NDPC Strengthens Data Privacy Framework for Telecoms, Hospitality Sectors

The Nigeria Data Protection Commission (NDPC) has begun moves to tighten data protection requirements for the telecommunications and hospitality industries as part of efforts to build stronger, sector-specific privacy safeguards across the country.

The initiative is aimed at developing tailored regulatory frameworks for sectors that process large volumes of personal and sensitive data, rather than relying on a broad, one-size-fits-all compliance model.

The proposal was presented during a stakeholder engagement held in Abuja, where regulators, industry operators and experts met to review emerging privacy frameworks covering telecommunications, financial services and hospitality operations.

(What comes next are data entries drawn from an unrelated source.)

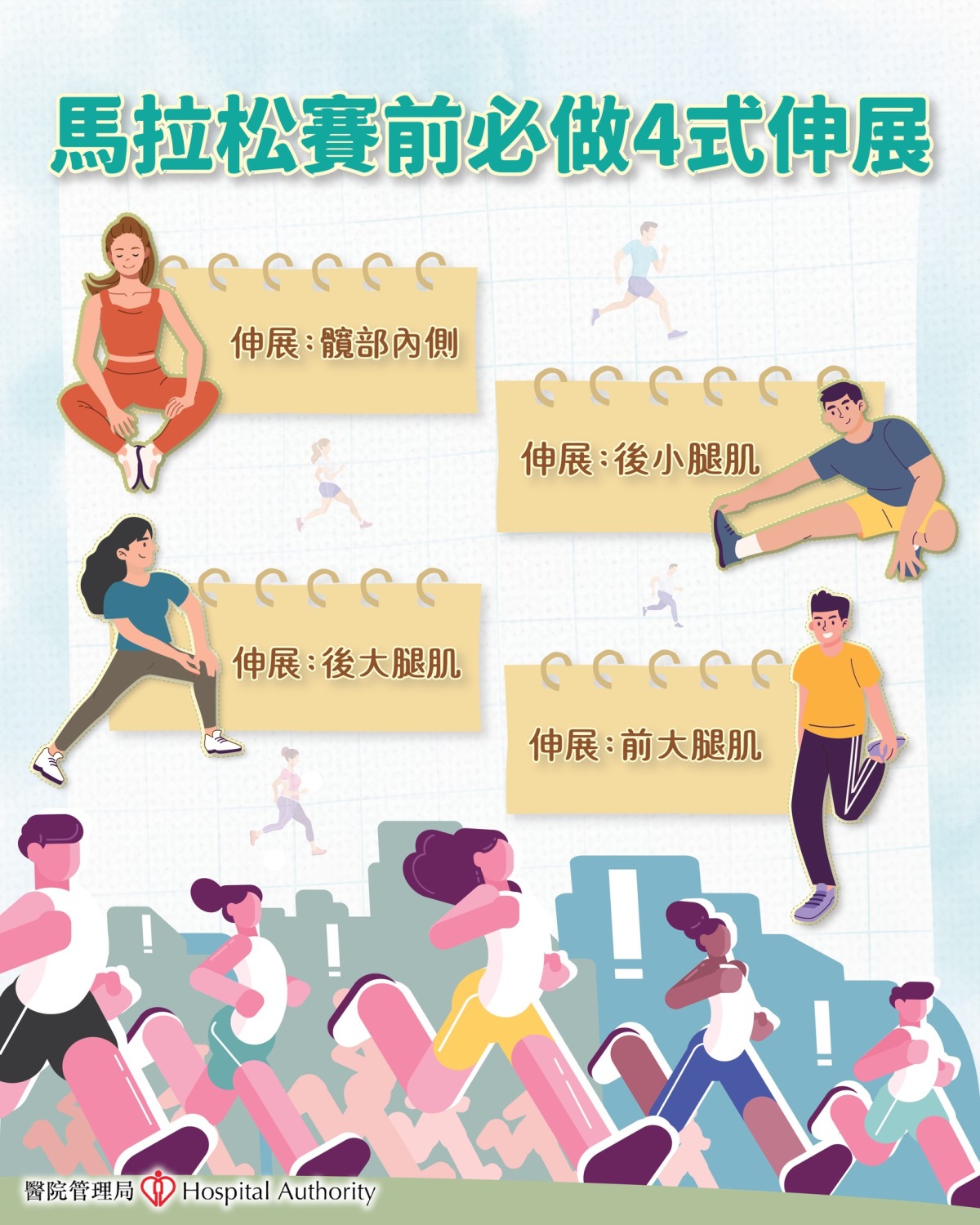 熱身分為4個步驟,包括髖部內側伸展、後小腿肌伸展、後大腿肌伸展以及前大腿肌伸展。醫管局指,跑步時人的腿部肌肉會過度收緊,因此參與賽跑運動有機會出現腿部抽筋,比賽前進行合適的伸展運動,既可增加肌肉及關節的靈活度,亦可避免受傷。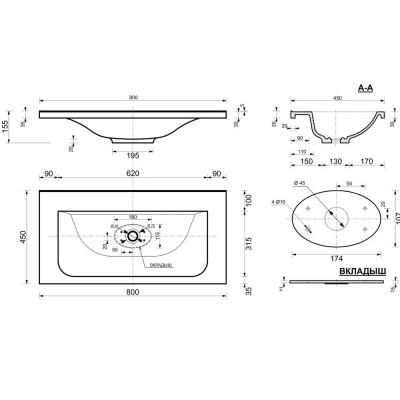 | Отверстия под смеситель | На 1 отверстие |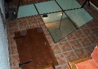 El suelo del sótano es parcialmente acristalado para poder contemplar la bóveda rehabilitada del aljibe, del que también se puede disfrutar de la bajante que lo alimentaba y vaciaba, muy bien conservada entre los cimientos actuales y cuyo extremo superior o boca se conserva cubierto por un cristal que deja apreciar la impresionante e inesperada altura.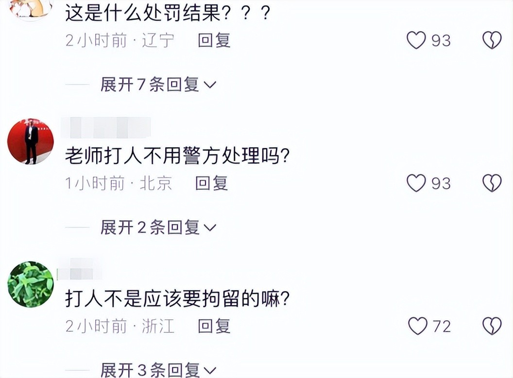 北京网友质问:老师打人不用警方处理吗?这反映了网友对法治公平的期待。还有网友道:打人不是应该要拘留的吗?
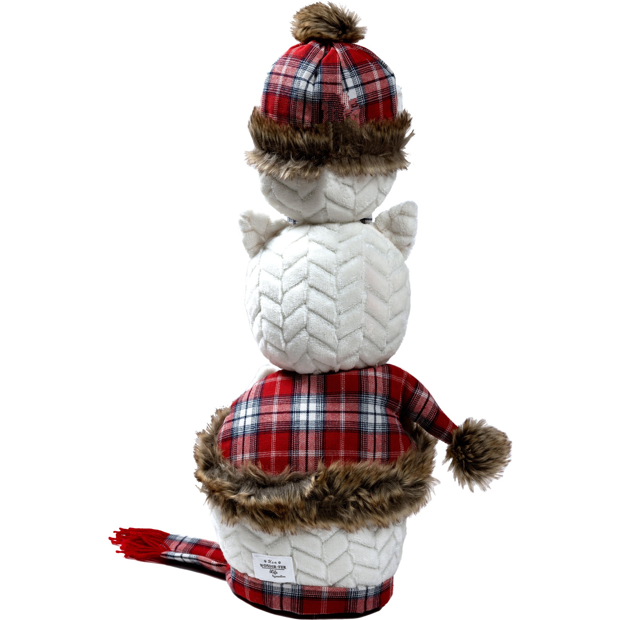 - PREMIUM QUALITY: The set of three cats have black embroidered faces with felt pink noses and plastic black and gray eyes. Each of the cats has different headwear, including bows and winter hats. The golden bell at the bottom is made from metal. Whereas the red plaid details and debossed white chevron patterns are made from 100% polyester. The interior has fluffing, weighted beads, and a felt bottom to protect floors and hardwood surfaces.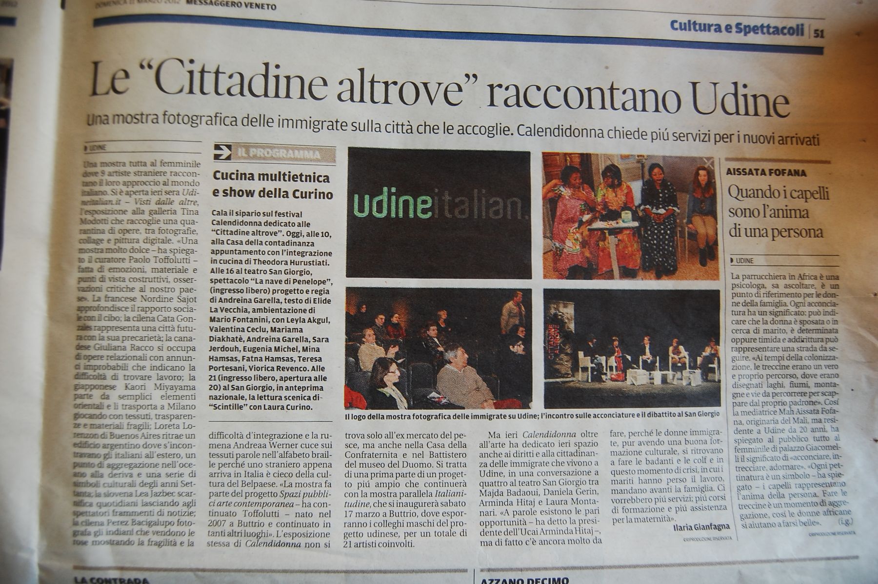 Mostra dedicata ad una riflessione richiesta dal curatore Paolo Toffolutti ad un gruppo di 21 artisti nati all'estero, ma che hanno temporaneamente vissuto in Italia, su quanto nel paese reale, vengano applicati gli articoli della Costituzione della Repubblica Italiana. Le mostre porteranno nei due contesti espositivi, opere che tematizzano i contenuti dei diritti sanciti dalla Costituzione quali: alla persona, alla laicità, alla democrazia, all'uguaglianza, alla solidarietà, alla pace, al lavoro… e lo faranno attraverso opere pittoriche, fotografiche, video, installative, scultoree, performative secondo una selezione di artisti appartenenti alle generazioni comprese dai 25 ai 48 anni di età. Gli artisti invitati sono: Karin Andersen ( Germania), Daniella Alejandra Perez Bacigalupo ( Cile), Tomislav Brajnović ( Croazia), Léo Yigit Ekiz (Turchia), Marc Giloux ( Francia), Lek M. Gjeloshi ( Albania), Cata Gonzales (Cile), Matias Guerra (Cile), Dritan Hyska ( Albania), Lea Jazbec (Slovenia), Kensuke Koike (Giappone), Loreta Lorenzon ( Argentina), Armando Lulaj ( Albania), Kaori Miyayama (Giappone), Robert Pettena (Gran Bretagna), Giuliana Racco ( Canada), Christian Rainer (Germania), Gaston Feltrin Ramirez (Messico), Nordine Sajot (Francia), Andreea Werner ( Romania), Eltjon Valle Marinz ( Albania). Udineitalian.it oltre alla galleria Tina Modotti sarà ospitata in altre due sedi che sono la Casa della Confraternita, in salita Castello, ed il Battistero del Duomo di Udine piazza del Duomo, inoltre la mostra udineitalian.it è inserita nella programmazione di Calendidonna 2012. Oltre ai contributi apportati con le opere dagli artisti, presenti in mostra per le inaugurazioni, vi saranno contributi critici e culturali apportati così come in catalogo da: Marco Baravalle, Riccardo Caldura, Annalisa Comuzzi, Rachele D'Osualdo, Alisa Franzil, Kristrian Franzil, Veronica Fratter, Alice Ginaldi, Paolo Toffolutti. La produzione e realizzazione del progetto è stata fatta da neo associazione culturale udine ed è resa possibile dai contributi di Regione Autonoma Friuli Venezia Giulia Assessorato all'Istruzione Formazione e Cultura, Comune di Buttrio Assessorato alla Cultura, Calendidonna, e con la collaborazione di Comune di Udine Assessorato alla Cultura, Civici Musei, Museo del Duomo, Proloco Buri, Generali Assicurazioni, Interna, Lis Neris.

At the meeting, the National Commissioner and Chief Executive Officer of the NDPC, Dr Vincent Olatunji, said the Commission is deliberately adopting a collaborative approach to rule-making to ensure that regulations are practical and reflective of industry realities.

According to him, stakeholders are engaged from the early stages of drafting so that the final rules are shaped by input from those who operate within the sectors.

He explained that although the Commission has the statutory authority to issue regulations independently, it prefers what he described as a “co-creation model” that allows for wider participation before finalisation.

Olatunji added that this approach, which was also applied during the development of Nigeria’s data protection law, had contributed to its credibility and international recognition.

He further noted that the NDPC is now shifting from general guidelines to more targeted frameworks, arguing that different industries face distinct risks and therefore require different compliance structures.

He pointed out that the hospitality sector now handles extensive personal data ranging from booking details and payment records to CCTV footage and guest identity information, often involving third-party digital systems.

On the telecommunications sector, he stressed its central role in the country’s digital ecosystem, noting that almost every major service today is linked through mobile networks.

“Almost everything today runs on the phone,” he said, highlighting the sector’s influence on banking, transport, healthcare and other essential services.

Olatunji also maintained that the Commission continues to operate independently in enforcement matters, describing it as one of the more respected data protection authorities globally due to its regulatory stance.

One of the resource persons, Rex Abitogun of Management Edge, supported the move towards sector-specific guidelines, warning that a uniform regulatory framework would not adequately address the varying risks across industries.

He explained that telecommunications infrastructure underpins a wide range of services, including banking, healthcare and hospitality, making it a critical point in the data value chain.

Abitogun also stressed that early engagement with operators reduces resistance and improves compliance outcomes, as industry players are more likely to implement rules they helped design.

“There will be no resistance if you are not dumping it on operators. When they are part of the process, they own it and are more likely to implement it,” he said.

He further noted that hospitality operators routinely manage sensitive personal information such as identity documents, payment details, Wi-Fi logs and surveillance data, all of which require strict protection.

Another expert, Abdul-Hakeem Ajijola, raised concerns over increasing dependence on foreign digital platforms and cross-border data flows, warning that such reliance could weaken local control over data.

He observed that many digital services rely heavily on external infrastructure, creating challenges around data sovereignty and value retention within the country.

Ajijola also cautioned that everyday digital activities, particularly on global platforms driven by artificial intelligence, involve extensive data capture that many users are often unaware of.

Earlier in the session, Head of Legal, Enforcement and Regulations at the NDPC, Babatunde Bamigboye, said the engagement forms part of broader efforts to deepen privacy rights enforcement and improve compliance under Nigeria’s legal framework.

He disclosed that the Commission has conducted extensive audits and assessments involving thousands of data controllers and processors across different sectors.

According to him, the ongoing work is focused on identifying sector-specific challenges and building frameworks around lawful processing, accountability, data minimisation and stronger security controls.

Bamigboye added that the Commission’s long-term objective is to shift organisations from procedural or “paper-based” compliance to a culture where data protection is fully embedded in operations.

The engagement also had participation from the Nigerian Communications Commission (NCC) and stakeholders across the telecoms, financial and hospitality sectors, with outcomes expected to guide the final sectoral data protection frameworks.